# Quick Story behind Hatchet Dan Bow...



## SELFBOW (Dec 17, 2009)

I was asked to give the ones that didn't make the Oconee TBG event a little info on how this bow was born.


I learned on Friday that Dan would make a bow by the campfire for all to watch so I was excited to see it done.
Saturday We talked him into doing it and we all gathered round the "fire"
It was to me very unique to watch him do his magic.When he was finished with it, he walked off and I asked "how much does he sell them for?"

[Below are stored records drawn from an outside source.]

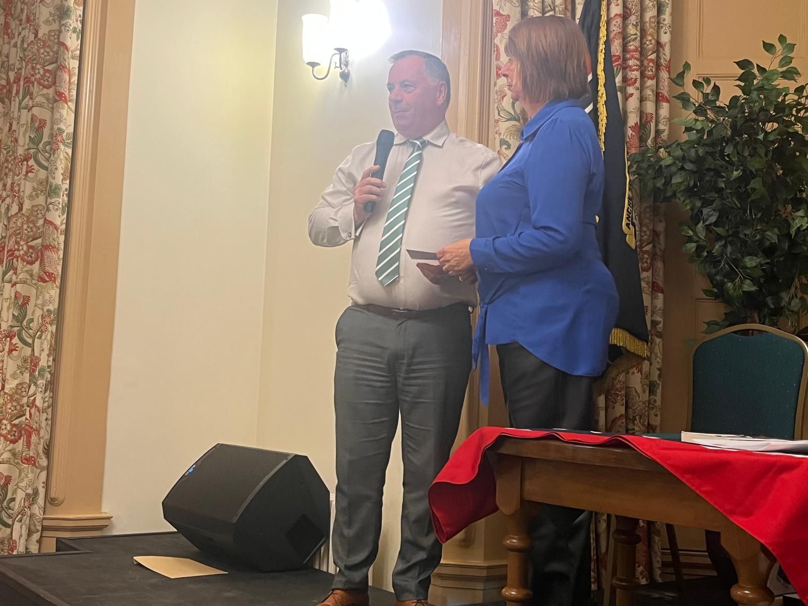 After the meal Liam took to the stage, as only Liam could, having some fun with those in attendance. He then conducted the raffle and became auctioneer as he helped raise some much needed funds in aid of the charity.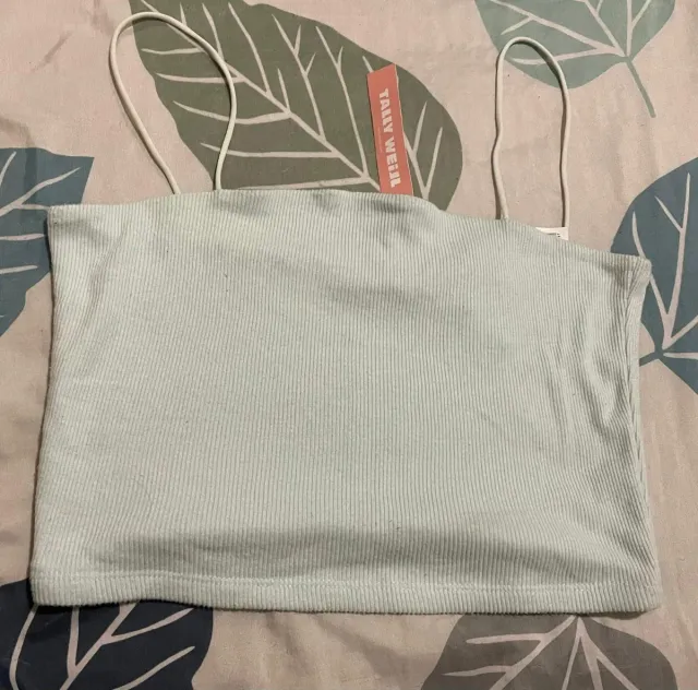 Top corto de tirantes con tejido de canalé. - Color: Azul claro - Marca: Tally Weijl - Diseño sin hombros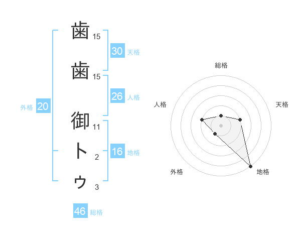歯歯 御トゥさんを姓名の画数から五運を鑑定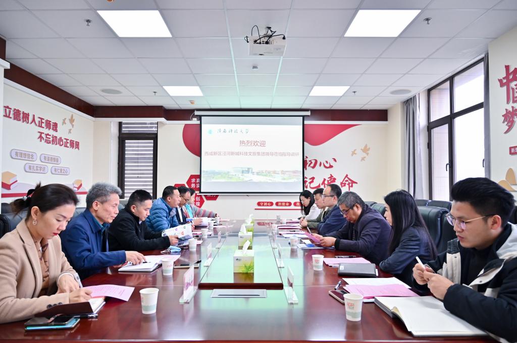 郭华对能够和经管学院在创新创业人才培育、产学研深度融合等领域开展校企战略合作表示感谢。他介绍了泾河新城科技文旅集团“产业+文旅+科技”深度融合发展的集团使命以及“科技引领、产业支撑、双链融合、文旅振兴”的发展思路,对泾河新城科技文旅集团的业务板块、公司结构、发展趋势、校企合作“六个需求”进行了详细介绍。他希望,集团借此机遇,在创新创业人才培育、大学生社会实习实践、应届毕业生就业、知识产权战略规划项目合作、茯茶企业高管培训班、学科竞赛支持等方面与学院加强进一步沟通并开展深度项目合作。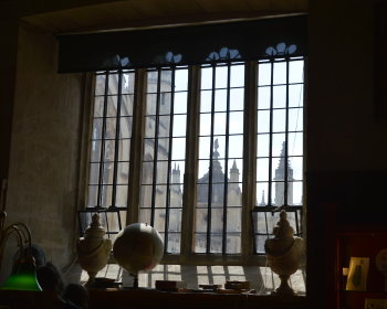 Blick aus und auf altehrwürdiges Gemäuer: die Bibliothek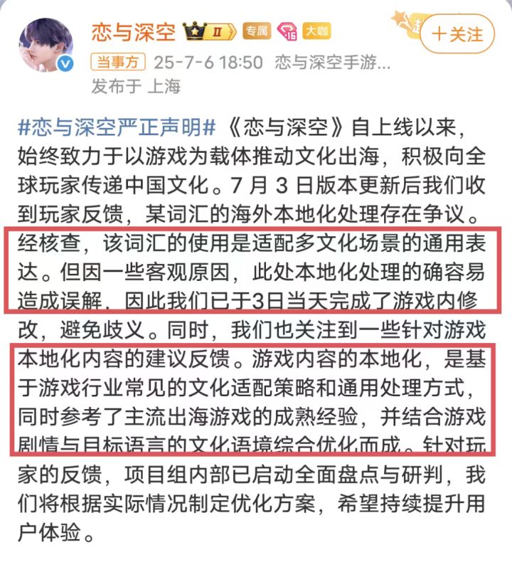 “游戏内容的本地化,是基于游戏行业常见的文化适配策略和通用处理方式,同时参考了主流出海游戏的成熟经验,并结合游戏剧情与目标语言的文化语境综合优化而成。”

The answer was "I don't think he has ever sold one, he gives them away". Well that sparked my interest even more so I got up real quick and went to shoot it with him.
After we got it broke in he walked off and I kept shooting.
I was actually doin pretty good with it, baldfish is my witness.
I looked back at Dan and he was smiling ear to ear. He knew I loved that bow so in the end he gave it to me and I was greatful. It is one of a kind and I plan on using it.
I told him I'd get a rabbit with it for sure but never planned for that to happen til Feb.
It still amazes me how the people are in this trad forum, everyone says it but its the truth. You will not find a better group of people to share your life with. Everytime I have been with them I leave happy, never having one moment that was bad and looking forward to the next time.
I remember just 2 short years ago Al, Marty, and myself were discussing right here in this forum how to get new guys(me at the time) into traditional archery http://forum.gon.com/showthread.php?t=165819&highlight=
So my thanks go out to Al for helping me get started, Marty for building me a bow and now Dan for giving me one more piece of the puzzle.
Dan named this bow "Oconee" , It's made from hickory and I hope we will see it again another day


----------



## Barry Duggan (Dec 18, 2009)

Some good reading and pics. there.


----------



## threeleggedpigmy (Dec 18, 2009)

Some of the best guys to hang with, they will give alot of thier knowledge freely.

Dan is good as gold!


----------



## gurn (Dec 18, 2009)

Looks like the only one not happy is the tree rat. That bow is really traditional. You have to be proud to own it.


----------



## hogdgz (Dec 18, 2009)

Dan is a great guy!!!


----------



## Nicodemus (Dec 18, 2009)

Dan is as fine a man as you`ll ever meet.


----------



## dpoole (Dec 18, 2009)

*HatchetDan*

He may be a little hard on the eyes but you aint gona find a finner fellow and just hope he dont get after you with one of his Hatchets  Also I have known Dan for over 30 years and dont think he has ever broke a game law !!!!!


----------



## Longstreet1 (Dec 18, 2009)

Looks like a good time and a nice bow


----------



## OconeeDan (Dec 18, 2009)

A very good story and helps to show what kind of man Hatchet Dan is.  They don't get any better than that!


----------



## JustUs4All (Dec 18, 2009)

Thanks for sharing.


----------



## TNGIRL (Dec 18, 2009)

Thanks for the story Martin, adding the pics lets everyone know this man better. Dan, is a truly unique man and wonderful friend. Doesn't matter if he's in GA or in TN he's the same where ever he goes!!!!
Donnie, I'd have to argue you the "hard on the eyes" you said. When I look at Dan or have the opportunity to be in his company, I see smiling eyes that are watchful and filled with knowledge, caring and concern for others. When he shakes your hand in "Hello", you'll feel work worn hands that are gentle and still rough, but you know they've held many things in them with wisdom and care. When he puts an arm around you to give a hug (just to us ladies!!!) you know he means it deeply and sincerely. His voice is quiet and deep and you can't help but wait to hear what he has to say.....now don't know about you, but that all says to me a fine, fine man to know as a friend!!!!


----------



## Al33 (Dec 18, 2009)

No doubt you are blessed to have one of Hatchet Bow Dan's hatchet bows. He can come up with some unique names for them too, like the Holey-Moley bow. He always attracts a crowd when making one and it has become tradition around the shoot and hunt campfires.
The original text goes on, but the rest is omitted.